We also noticed that software development requires you to think at different levels of abstraction. Initially, the work is highly abstract, big-picture stuff: whiteboard sketches and high level specifications, both of which have often been done with UML (or, historically, other diagrammatic notations). Work then progresses to more concrete and finely detailed stuff: code. There seems to be an obvious distinction here: a design phase, complete with diagrams, and a construction phase.

But this was always a conceptual mistake. Both activities are design, and there isn’t a construction phase at all (at least, not one that has any significant cost). The big-picture diagrams and the finely-detailed code are both purely intellectual; they’re both part of a single problem-solving exercise — one big design phase. The problem solving doesn’t stop until the coding is finished, and it often goes back on itself, with some whiteboarding required in the midst of coding. What would you think of the engineering of aircraft, buildings, etc. if you knew that the engineers routinely conducted critical redesign work half-way through physical construction? It’s not so much that software engineering is radically different3, but that we’ve been misusing the terms.

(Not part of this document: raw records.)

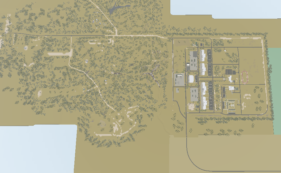 This maps main base area is 1:1, with several realistic buildings on the actual training area including kill houses, vehicle ranges, sniper range, and small low poly airfield for launching operations out of. It includes: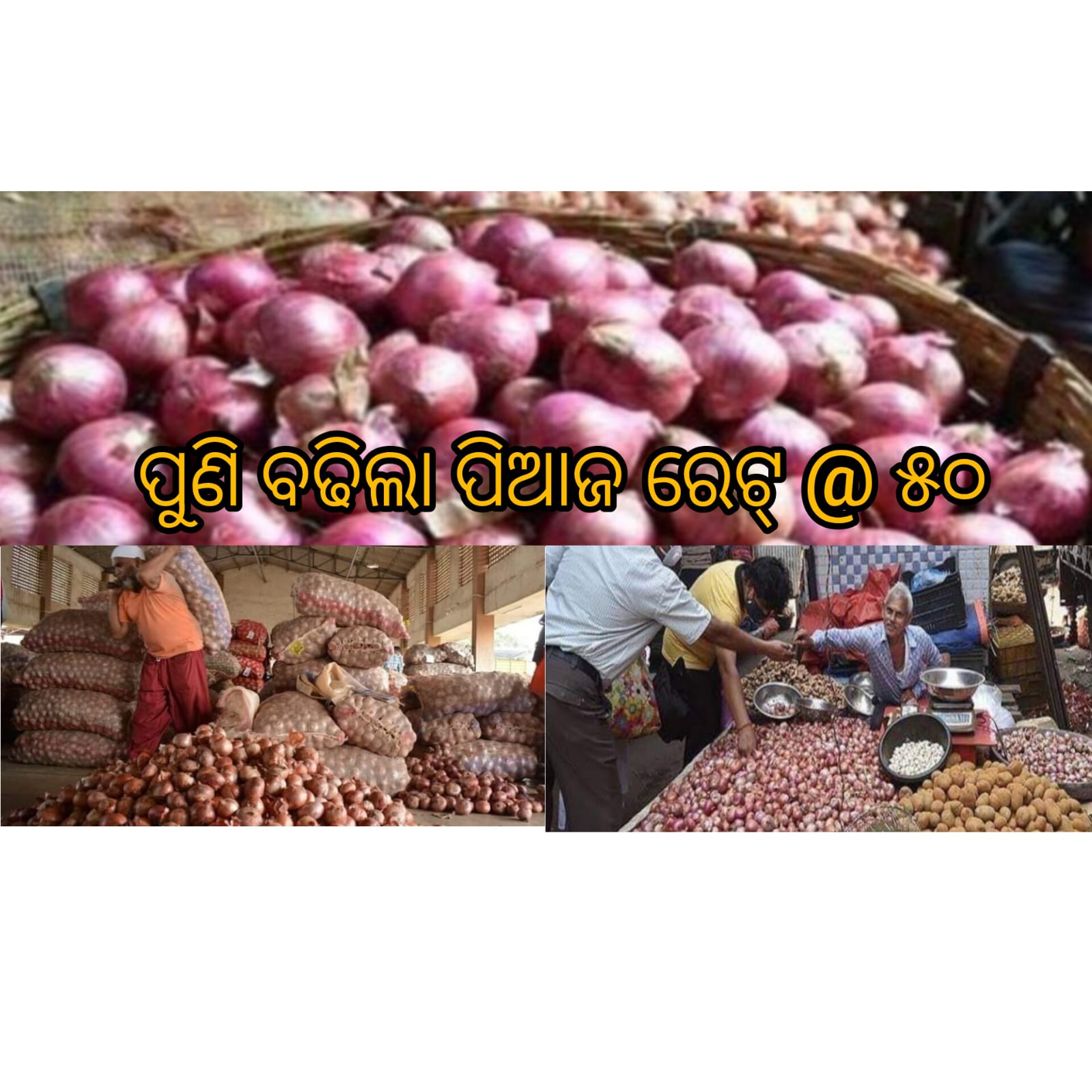 ଦୀର୍ଘ ଦିନ ହେଲା ଆଳୁ କିଲୋ ପିଛା ୪୦ ଟଙ୍କା ଥିବା ବେଳେ ଏହାର ଦର କମୁ ନାହିଁ। ମାତ୍ର ପିଆଜ କିଲୋ ପିଛା ପ୍ରାୟ ୩୫ ଟଙ୍କା ଥିବା ବେଳେ ଦିନେ ଦୁଇ ଦିନ ଭିତରେ କିଲୋ ପ୍ରତି ୧୦ରୁ ୧୫ ଟଙ୍କା ବଢ଼ିଲାଣି । ଏବେ ମାର୍କେଟରେ ଛୋଟ ସାଇଜ୍ ପିଆଜ କିଲୋଗ୍ରାମ ପ୍ରତି ୪୫ ଟଙ୍କାରେ ମିଳୁ ଥିବା ବେଳେ ବଡ ପିଆଜ ୫୦ ଟଙ୍କାରେ ବିକ୍ରି ହେଉଛି।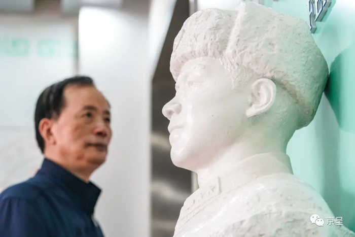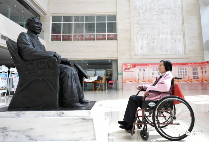 在北京理工大学良乡校区徐特立图书馆一层大厅,徐禹强在祖父徐特立的雕像前静坐深思,回忆祖父对自己的谆谆教导。(和冠欣)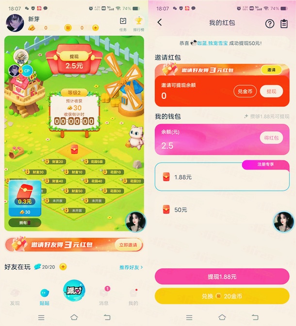 正文 贴贴APP简单领取1.88元微信红包,亲测秒推微信零钱 首码推荐 V管理员 /昨天 /170 阅读 1010 贴贴APP的一个简单的领1.88元红包的活动,下载贴贴APP,手机号码登陆后,点底部【贴贴】随便升级点几下就行,然后会送3元左右红包,直接提现1.88元到微信,提现后目前秒推,提现需实名,如果之前注册过的是没有1.88元提现选项的。 手机扫下面码进入活动: 活动时间:结束日期未知 进入活动页面下载打开“贴贴”APP,手机号码登陆,点底部【贴贴】随便升级点几下就行,然后直接提现1.88元到微信秒推送,提现需实名,如果之前注册过的是没有1.88元提现选项的。 投诉/删帖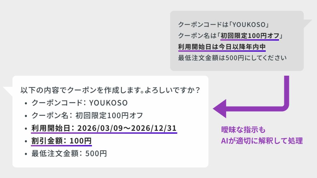 たとえばクーポンを作る際も、「利用期間は年内」などと軽く伝えるだけでも、「2026/12/31まで」と解釈してくれます。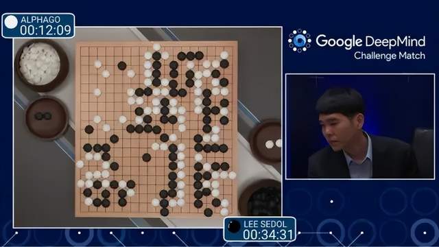 AlphaGo VS 李世石,图片来源:谷歌直播截图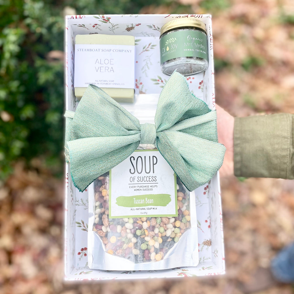 Our gift baskets are a curated collection of quality handcrafted items from small farms & businesses. We strive to support local and shop small as much as possible. Each item in the basket comes from our own store, or from another small business that fits within the guidelines of our purity standards. No dyes, no fragrance oils, no added chemicals.

Real-world SE uses the term “building” or “build process” to refer to a set of automatable steps — compiling, linking, packaging, running unit tests — that turn the code into a finished product4. SE education forgets this a bit, but it’s a much closer analogue of the construction of a physical object than is the concept of the software “implementation”.

Once you accept that coding is, in fact, fundamentally a design activity, you realise that you cannot really teach software design without coding. If you take the coding out of software design, you’re really just left with an empty shell.

Our UML unit suffered because students were unable to connect UML’s diagrammatic notations to the things software actually has to do. Buildings and planes have schematics that broadly look like the physical object; there is an intuitive spatial relationship. But software has no tangible existence. A software diagram has nothing to do with what the software looks like, because software doesn’t look like anything. Software diagrams are no more than an aid to problem-solving. And how could we expect students to undertake problem-solving — design — without access to the one notation — code — in which the solution must be written?

Ultimately, code is everything. UML diagrams are merely subsets of the information present in code. They are abstract representations that highlight a few key details at the expense of many others. This can be very useful, but only as a way of organising your understanding of the code. Almost perversely, UML shows the big picture but never the whole picture. Experienced software engineers will understand the kinds of information omitted from a UML diagram, and thus what work remains to be done. But without code, students will look upon the diagram itself as the thing they need to master, without seeing it as merely a view of something more complicated.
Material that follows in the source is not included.